И Ран, недолго думая, направляется туда. Там он и находит Джун – тощую девчонку с ободранными коленками и разноцветными глазами. На ее лице – страх и внушительная ссадина, юбка помята и испачкана, а возле ног, обутых в потрепанные старые кроссовки, стоит баночка «ДайДо Умэ» со вкусом сливы.
Она пялится на него наглыми глазами – один голубой, второй – зеленый; и первое, что испытывает Ран – глухое раздражение.
Блять, он совсем не рассчитывал на компанию этим вечером. Тем более такой странной и мелкой девчонки. С минуту они буравят друг друга гневными взглядами, а потом эта пигалица срывающимся от страха голосом тонко пищит:
– Чего тебе надо?
– Ничего, – отвечает Ран и заходит под козырек.
Дождь разгоняется – крупные капли уже с силой отскакивают от земли, пузырят небольшие лужи, в воздухе появляется прохлада и свежесть. Девчонка отодвигается от него, натягивая юбку на ободранные коленки, и смешно кривится. Чуть ниже, на щиколотке, наливается бордовым цветом огромный синяк.
– Кто тебя так? – спрашивает Ран. Ему не то чтобы интересно, но он почему-то ощущает странную потребность начать разговор.
В конце концов, она пришла сюда первой, а он вторгся в ее убежище. Ран пока еще не считает Роппонги своим, но уверен – так оно и будет. Ну а пока…
Пока идет дождь, почему бы не поговорить со странной девчонкой?

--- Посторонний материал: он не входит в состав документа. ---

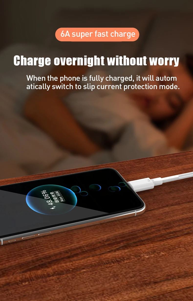 6A USB Type C Cable For Huawei P30 P40 Pro 66W Fast Charging Wire USB-C Charger Data Cord For Samsung S21 ultra S20 Poco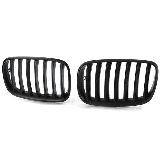 Een set mat zwarte grillen, geschikt voor de BMW X5 E70 en X6 E71.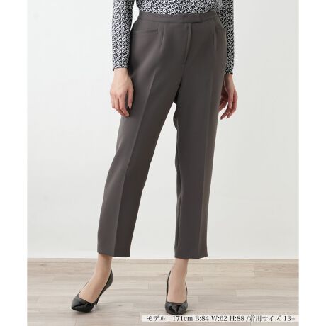 足元に軽やかな抜け感を演出するクロップドパンツ。優れた伸縮性を持つコンフォートストレッチ素材が、動きやすさと快適な履き心地を実現します。すっきりとしたシルエットは、ヒールからフラットシューズまでどんな靴ともバランスが良く、着こなしの幅を広げてくれます。初夏のお出かけスタイルに欠かせない、洗練された印象の一本です。
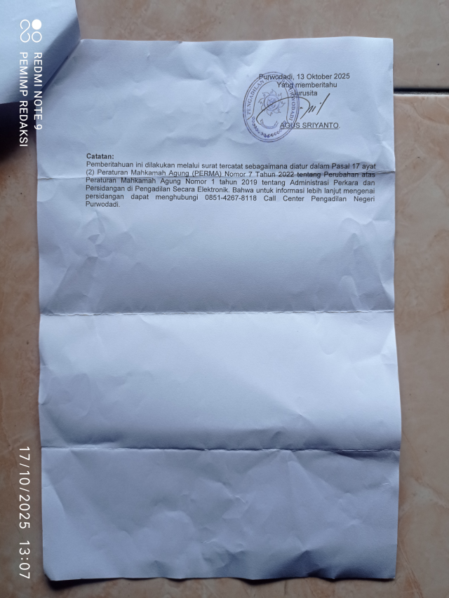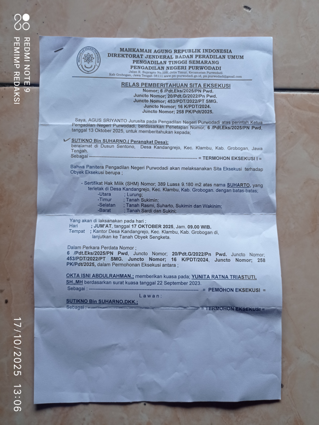 Pelaksanaan Sita Eksekusi tersebut berdasarkan Surat Pengadilan Negeri Purwodadi Grobogan Nomor 6/Pdt.Eks/2025/PN.Pwd; Jo.No.20/Pdt.G/2022/PN ped; Jo.No.453/PTD/2022/PT.SMG; Jo.No.16 K/PDT/2024; Jo.No.258 PK/Pdt/2025; tanggal 13 Oktober 2025, Tantang RELAS PEMBERITAHUAN SITA EKSEKUSI.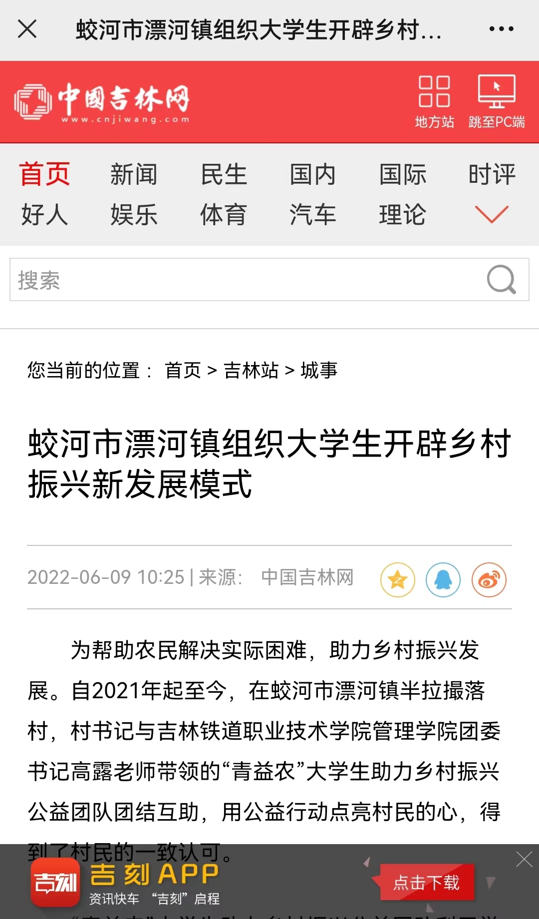 6月9日,【中国吉林网】“中国吉林网”以“蛟河市漂河镇组织大学生开辟乡村振兴新发展模式”为题对我校进行了报道。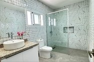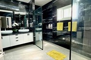 closet, baño con doble ducha y doble lavabo y balcon

– Никто, – поспешно произносит она. – Не твое дело.
– Ну, ладно. А раны надо обработать.
– Обработаю. Тебе какое дело?
– Никакого, так что заткнись, – слова привычно слетают с губ, и Ран даже не задумывается о том, что может ими кого-то ранить.
Бей первым, бей сильнее, бей точно в цель, а не то получишь сам. Он хорошо выучил этот урок от отца; и теперь наносит удары направо-налево, не разбирая, кто враг, а кто – друг.

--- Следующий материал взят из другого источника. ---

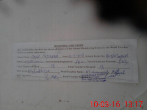| Name: Im**** Ah**** Designation: (School Headmaster's/Headmistress's) Snr H/M Phone/Cell Number: 03**** |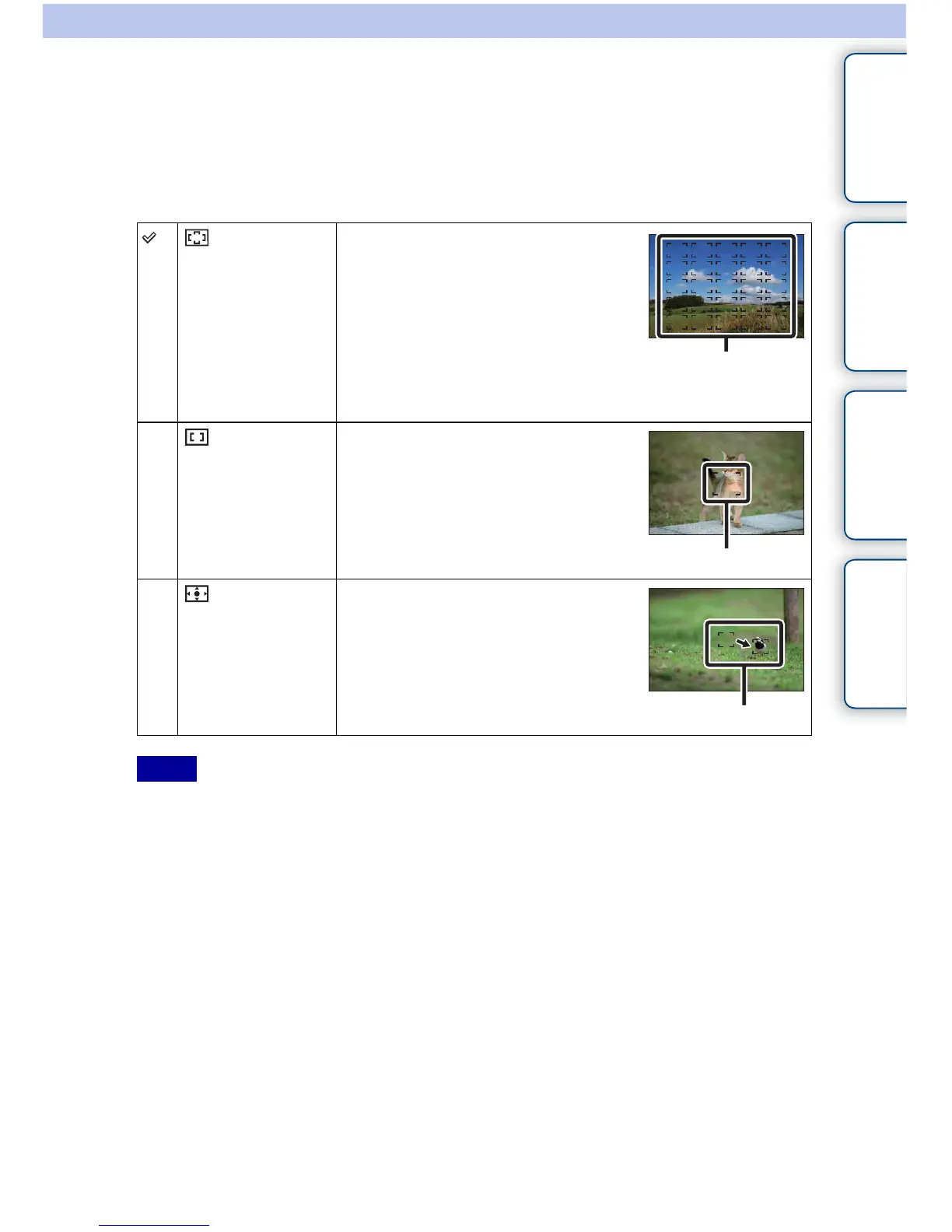 • When the AF illuminator is used, the setting of [Autofocus Area] is invalid and the AF area is indicated

Впрочем, друзей у него априори быть не может. Только брат – вот и все, что есть у Рана.
Девчонка с разноцветными глазами вздыхает, рассматривая баночку у своих ног, и зачем-то грустно говорит:
– Я сегодня котенка нашла, маленького. Хочешь, покажу?
Ран, уже успевший забыть о ее присутствии, удивленно косится на светлую макушку, и только сейчас обращает внимание на то, как сидит девчонка – сгорбившись, прижимая руку к пазухе.
– Ну, давай, – соглашается он.
Просто так. Если хочет – пусть показывает. Девчонка, похоже, не узнала его, поэтому и говорит с ним, как с обычным парнем, а Рану, слава которого идет впереди него, редко удается перекинуться хоть парой словечек с кем-либо. Их с Риндо окружают приспешники – глупые шестерки, заглядывающие им в рот, да «крутые пацаны» из соседних банд.
Разговор с такими один – кулаки и драка.
Девчонка вытаскивает из-за пазухи котенка, держит его в ладонях, как величайшую ценность, и смотрит с гордостью. Типа – полюбуйся, что у меня есть.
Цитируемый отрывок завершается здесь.